● Exercise directions
Reproduce from the records below, with no pictures, exactly the lines between the one containing "[レイヤー範囲の展開]ツール" and the one containing "依依不舍的离开了这美丽的地方", inclusive.

● Material shown
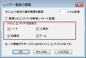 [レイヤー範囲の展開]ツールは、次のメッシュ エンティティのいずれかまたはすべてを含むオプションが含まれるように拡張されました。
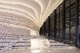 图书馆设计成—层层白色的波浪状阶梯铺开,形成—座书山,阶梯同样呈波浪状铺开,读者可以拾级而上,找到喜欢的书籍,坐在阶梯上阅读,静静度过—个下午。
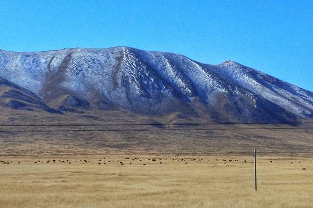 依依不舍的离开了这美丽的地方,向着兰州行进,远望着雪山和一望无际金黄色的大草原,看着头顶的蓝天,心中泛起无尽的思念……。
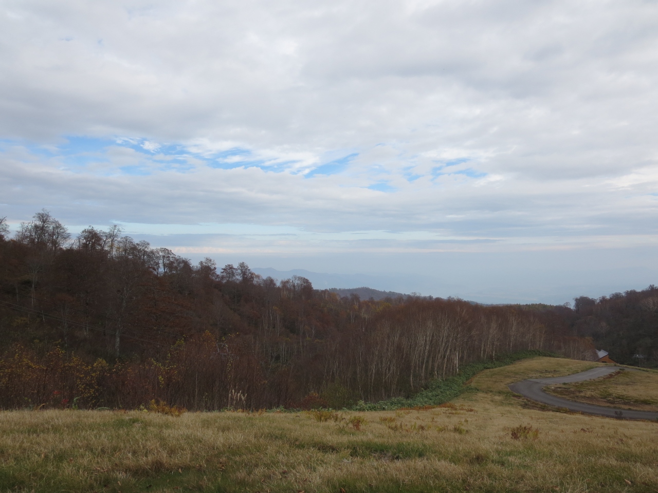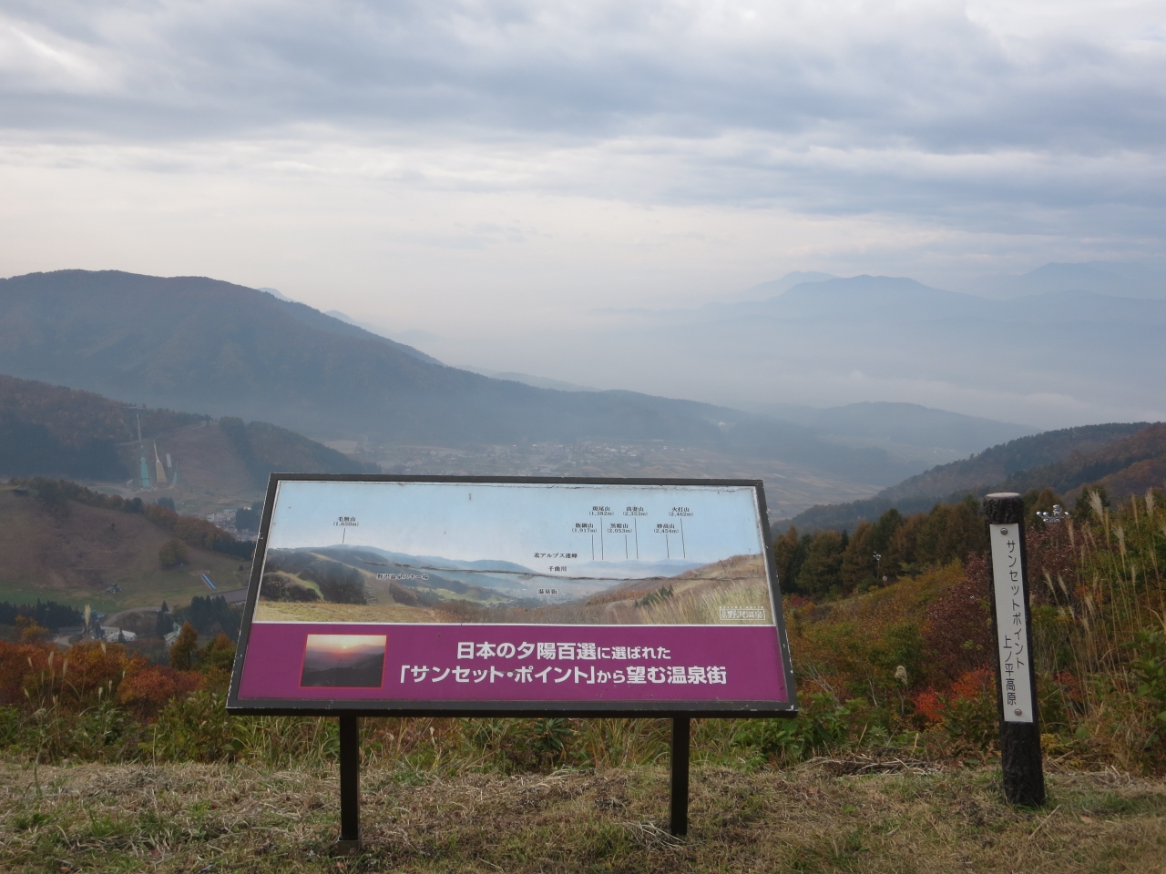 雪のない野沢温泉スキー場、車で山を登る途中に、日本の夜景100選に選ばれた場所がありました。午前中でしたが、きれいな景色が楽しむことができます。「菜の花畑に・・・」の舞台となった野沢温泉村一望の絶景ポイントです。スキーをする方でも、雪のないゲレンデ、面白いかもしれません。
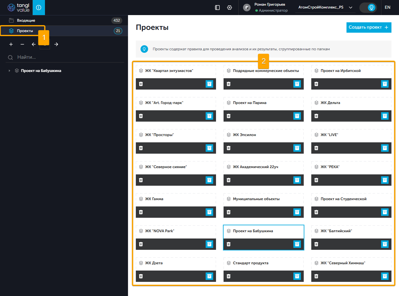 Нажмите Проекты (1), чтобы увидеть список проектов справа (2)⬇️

...

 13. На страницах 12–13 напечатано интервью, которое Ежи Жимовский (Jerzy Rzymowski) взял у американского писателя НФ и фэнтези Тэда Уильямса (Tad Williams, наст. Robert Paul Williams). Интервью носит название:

● Response to the exercise
 [レイヤー範囲の展開]ツールは、次のメッシュ エンティティのいずれかまたはすべてを含むオプションが含まれるように拡張されました。
 图书馆设计成—层层白色的波浪状阶梯铺开,形成—座书山,阶梯同样呈波浪状铺开,读者可以拾级而上,找到喜欢的书籍,坐在阶梯上阅读,静静度过—个下午。
 依依不舍的离开了这美丽的地方,向着兰州行进,远望着雪山和一望无际金黄色的大草原,看着头顶的蓝天,心中泛起无尽的思念……。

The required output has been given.